By: Thomas S. Tripodianos Published: May 2006

Arbitration not Mandatory

Question. Is a mandatory arbitration clause in an agreement between property owners and a contractor engaged by them to manage and direct renovation of their residence enforceable?

USUALLY. Although the Courts of New York favor alternative dispute resolution clauses, generally few things in the law are black and white. This is especially true in matters involving consumers.

In the case in question, the home owners entered into a Construction Management Agreement with construction manager, in which construction manager agreed to manage and direct the renovation of home owners' residence. The Construction Management Agreement provided that:

Any disagreement, dispute, controversy or claim arising out of or relating to this contract or the breach thereof shall be settled by binding arbitration in accordance with the Construction Industry Arbitration Rules of the American Arbitration Association. Judgment upon the award rendered by the Arbitrator(s) may be entered in any court having jurisdiction thereof.

The home owners terminated the construction manager. Prior to receiving notice of termination the construction manager had sent home owners several invoices, some of which remain unpaid. The construction manager, in accordance with his contract, served home owners with a Demand for Arbitration and Notice of Intention to Arbitrate. Home owners in turn, served and filed their Answering Statement to the construction manager's Demand for Arbitration.

Home owners now seek a permanent stay of the arbitration.

General Business Law Section 399-c(2)(a) provides, in relevant part, that: "no written contract for the sale or purchase of consumer goods, entered into on or after the effective date of this section [September 5, 1984], to which a consumer is a party, shall contain a mandatory arbitration clause." General Business Law Section 399-c(2)(b) further provides that: "the provisions of a mandatory arbitration clause shall be null and void."

At first glance, therefore, it would seem that General Business Law Section 399-c bars enforcement of a mandatory arbitration clause in a residential construction agreement with the property owners. It would follow therefore that the mandatory arbitration clause in the agreements between homeowners and construction manager herein would be similarly unenforceable.

However, it may be argued that, General Business Law Section 399-c is pre-empted by the Federal Arbitration Act.

Section 2 of the Federal Arbitration Act makes enforceable a written arbitration provision in "a contract evidencing a transaction involving commerce." In order for the Federal Arbitration Act to apply, the transaction at issue must "involve interstate commerce," which the US Supreme Court has defined to be the equivalent of "affect commerce."

InNew York, the Court of Appeals, (the highest appellate court in the state system) recently addressed the issue of the applicability of the Federal Arbitration Act to a construction contract performed in New York, which contained a mandatory arbitration provision.
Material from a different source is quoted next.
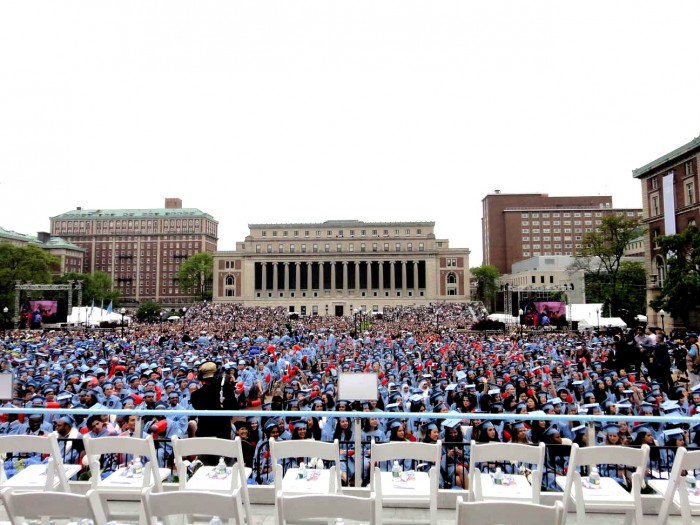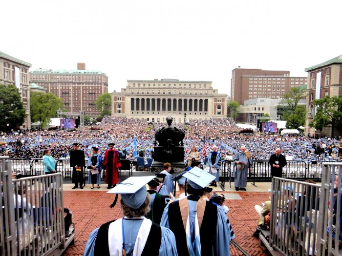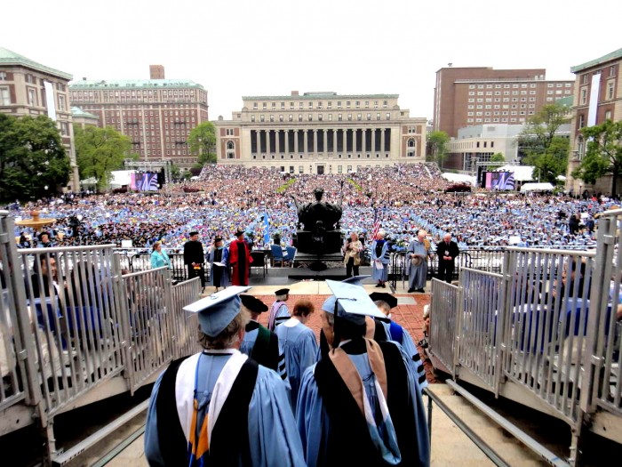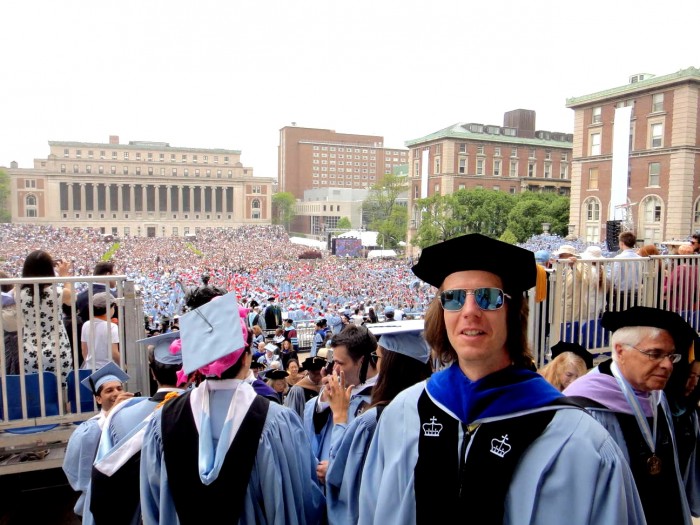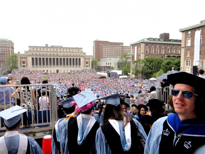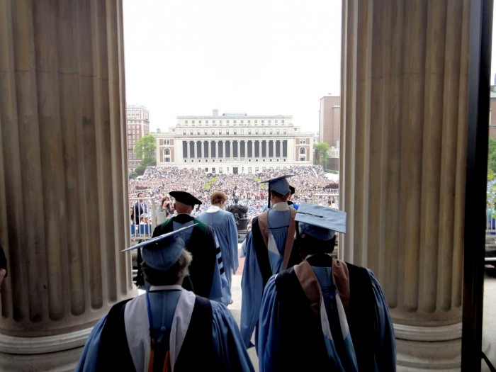 Last month Columbia invited me to walk in its big commencement for the twentieth anniversary of graduating college there. I don’t often get to dress in my medieval-looking PhD cap and gown, so I accepted. If you’ve never seen a Columbia commencement, it’s a great, stately affair with tens of thousands of graduating students and their families, all the more so when you realize how few spaces like its campus New York City has.

In that case, the Court of Appeals concluded that the project "affected interstate commerce, "triggering application of the Federal Arbitration Act. Among the factors cited by the Court were the following: the project manual and engineer's drawings were created in a joint effort with a structural engineering firm headquartered in Illinois; petitioner's largest supplier of materials for the project was a New Jersey company; project meetings and visits were often scheduled at the New Jersey supplier's offices; the largest supplier of equipment for the project was a Massachusetts company; and further additional materials, equipment and services for the project were obtained from Oklahoma, Maryland and Kansas.
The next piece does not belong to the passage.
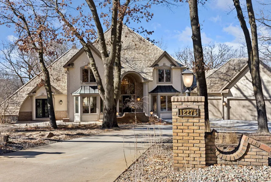 Welcome to "Chelsea Woods" an enclave of custom-built homes on the northern edge of Rosemount, just south of Lebanon Hills Park. This stately home sits on a 2.6 acre lot, with a combination of expansive lawn area and a wooded nature setting. Step inside to find a grand 2-story foyer with a dramatic staircase. Truly a perfect home for entertaining or everyday living. The spacious main level family room a raised hearth wood-burning fireplace, a wet bar, and a full wall of windows overlooking the woods! The kitchen has an adjacent vaulted sunroom, perfect for everyday dining or relaxing. Sliding doors lead to a huge private rear deck! Rare for a 2-story, the home has a main level owner's suite. This south facing room is flooded with sun all day long! Features include a gas fplc, large walk-in shower, and double doors to a front patio. The upper level has 3 BR's, and 2+ baths. The lower level is open flowing, yet with separate spaces for billiards, movie watching, game area or kids play area. A south facing walk-out leads to a private paver patio and expansive lawn space. The lower level also has a 5th BR and a "flex room", ideal for a home office or workout room. For the car enthusiast or hobbyist, the home features 2 heated garages. The main garage is finished with epoxy floor, sink and storage cabinets. Additionally, an impressive storage space and a lower 3-car heated garage/workshop space provide even more functionality.

The construction manager in our case may argue that its agreements to renovate the house "affect commerce" because certain materials used during the course of the home improvements came from out of state. The counterargument would be that, if the use of any out of state materials triggers the applicability of the Federal Arbitration Act, then General Business Law Section 399-c would be eviscerated and pre-empted in most cases.

While the Federal Arbitration Act may in some cases pre-empt a state statute such as Section 399-c, it may only do so in transactions "affecting commerce." The agreement herein, when measured against the standards set by applicable caselaw, may not be found to "affect commerce." Indeed, too liberal an application of the Federal Arbitration Act would render General Business Law Section 399-c a virtual nullity.

The mandatory arbitration clause contained in the Construction Management Agreements may be declared null and void, pursuant to General Business Law Section 399-c even if the home owners' application for a stay of arbitration is untimely. Pursuant to CPLR 7503(c), which provides, in relevant part, that "an application to stay arbitration must be made by the party served within twenty days after service upon him of the notice or demand, or he shall be so preclude." an untimely application to stay arbitration may, be granted if the agreement for which arbitration is sought is facially illegal or if upon facial examination of the agreement, a court may conclude that it would be against public policy to permit arbitration of the issue sought to be arbitrated.

Because the arbitration clauses contained in the Construction Management Agreement may be declared null and void pursuant to General Business Law Section 399-c the untimeliness of their application to stay the arbitrations should not be a bar due to the public policy issue involved.